EXERCISE DATA:
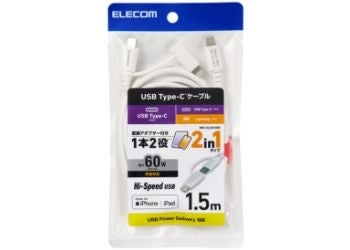 <2in1ケーブル(USB-C - USB-C/Lightning変換/MFi認証) 1.5m・ホワイト>
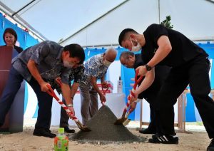 2024年4月に統廃合で廃校となった城辺中学校舎を活用して観光学部の設置計画を進めている宝塚医療大学(兵庫県宝塚市、岸野雅方学長)の宮古島キャンパス学生寮新築工事の地鎮祭と直会が6日に同校舎で行われた。出席した大学関係者や工事関係者がくわ入れなどの神事を行い、工事の安全を祈願した。24年2月の完成を目指している。
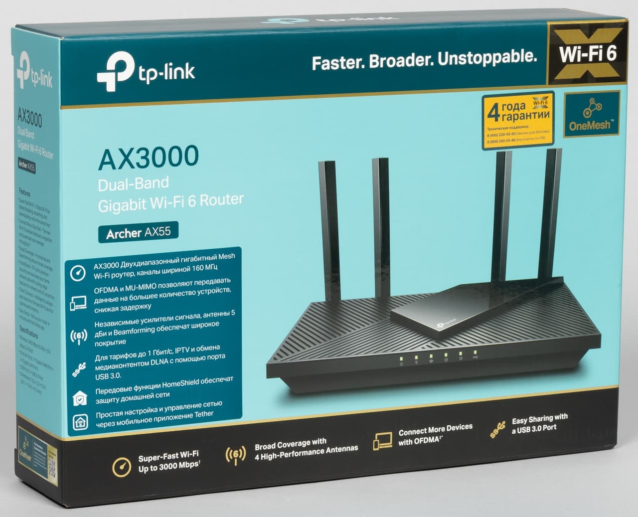 Данное устройство оборудовано гигабитными сетевыми портами, имеет один порт USB 3.0, поддерживает технологию OneMesh для простого и эффективного расширения зоны покрытия беспроводной сети, а также имеет встроенный сервис TP-Link HomeShield расширенной защиты от кибератак.
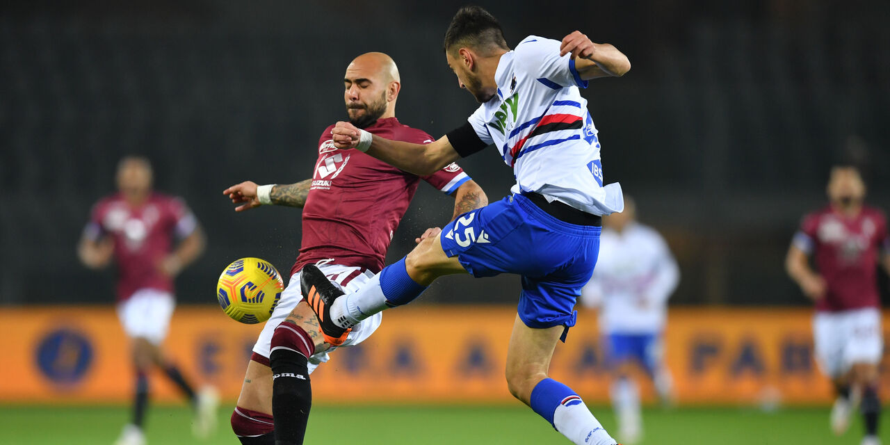 “ Nona Giornata Serie A Tim 2020/2021 “Una Sampdoria a due volti, due pesi,due misure!” Torino2 (Belotti-Meite’) Sampdoria 2 (Candreva Quagliarella) Dallo Stadio Grande Torino:Audero:6,5 Beres:5 Ferrari:6 Augello:6 Yoshida:5,5 Verre:5,5 Jankto:4 Candreva:7 Thorsby:6,5 Ekdal:5 Quagliarella:7Gabbiadini:5,5 Tonelli: Sv Silva: 5,5 Dasmsgaard: 5 Ramirez:SV All: Paolo Benetti: 5 lotti beffa Audero. La Sampdoria tenta invano il pari con Quagliarella, Verre,Candreva nulla da fare . Nel primo tempo Una Sampdoria involuta , una crisi di identità mentale e fisica. Una squadra imbarazzante, senza idee, senza gioco, una squadra in bambola. Occasione Sampdoria al 45’ con Quagliarella salva Sirigu. 53’ la Sampdoria pareggia: Asse Quagliarella per Candreva è pari. È un’altra Sampdoria, più accesa . 59’ Audero salva su Ricardo Rodriguez. 63’ la Sampdoria ribalta : Asse Candreva Quagliarella, Capitano Fabio Quagliarella al volo beffa Sirigu. Audero salva su Zaza. Nella ripresa una Sampdoria a due volti, più determinata, più accesa, più aggressiva. 74’ gol annullato al Torino di Belotti per offside. La Sampdoria c’è. 77’ il Toro pareggia su corner di Meite’. Audero salva su Verdi. Ramirez salva la Sampdoria. Damsgaard fuori oltre la traversa. Torino e Sampdoria finisce in parità , 2-2. Simone Mora.

WHAT THE EXERCISE ASKS:
Once the pictures have been removed, reproduce each line of the material above exactly.

WRITTEN RESPONSE:
 <2in1ケーブル(USB-C - USB-C/Lightning変換/MFi認証) 1.5m・ホワイト>
 2024年4月に統廃合で廃校となった城辺中学校舎を活用して観光学部の設置計画を進めている宝塚医療大学(兵庫県宝塚市、岸野雅方学長)の宮古島キャンパス学生寮新築工事の地鎮祭と直会が6日に同校舎で行われた。出席した大学関係者や工事関係者がくわ入れなどの神事を行い、工事の安全を祈願した。24年2月の完成を目指している。
 Данное устройство оборудовано гигабитными сетевыми портами, имеет один порт USB 3.0, поддерживает технологию OneMesh для простого и эффективного расширения зоны покрытия беспроводной сети, а также имеет встроенный сервис TP-Link HomeShield расширенной защиты от кибератак.
 “ Nona Giornata Serie A Tim 2020/2021 “Una Sampdoria a due volti, due pesi,due misure!” Torino2 (Belotti-Meite’) Sampdoria 2 (Candreva Quagliarella) Dallo Stadio Grande Torino:Audero:6,5 Beres:5 Ferrari:6 Augello:6 Yoshida:5,5 Verre:5,5 Jankto:4 Candreva:7 Thorsby:6,5 Ekdal:5 Quagliarella:7Gabbiadini:5,5 Tonelli: Sv Silva: 5,5 Dasmsgaard: 5 Ramirez:SV All: Paolo Benetti: 5 lotti beffa Audero. La Sampdoria tenta invano il pari con Quagliarella, Verre,Candreva nulla da fare . Nel primo tempo Una Sampdoria involuta , una crisi di identità mentale e fisica. Una squadra imbarazzante, senza idee, senza gioco, una squadra in bambola. Occasione Sampdoria al 45’ con Quagliarella salva Sirigu. 53’ la Sampdoria pareggia: Asse Quagliarella per Candreva è pari. È un’altra Sampdoria, più accesa . 59’ Audero salva su Ricardo Rodriguez. 63’ la Sampdoria ribalta : Asse Candreva Quagliarella, Capitano Fabio Quagliarella al volo beffa Sirigu. Audero salva su Zaza. Nella ripresa una Sampdoria a due volti, più determinata, più accesa, più aggressiva. 74’ gol annullato al Torino di Belotti per offside. La Sampdoria c’è. 77’ il Toro pareggia su corner di Meite’. Audero salva su Verdi. Ramirez salva la Sampdoria. Damsgaard fuori oltre la traversa. Torino e Sampdoria finisce in parità , 2-2. Simone Mora.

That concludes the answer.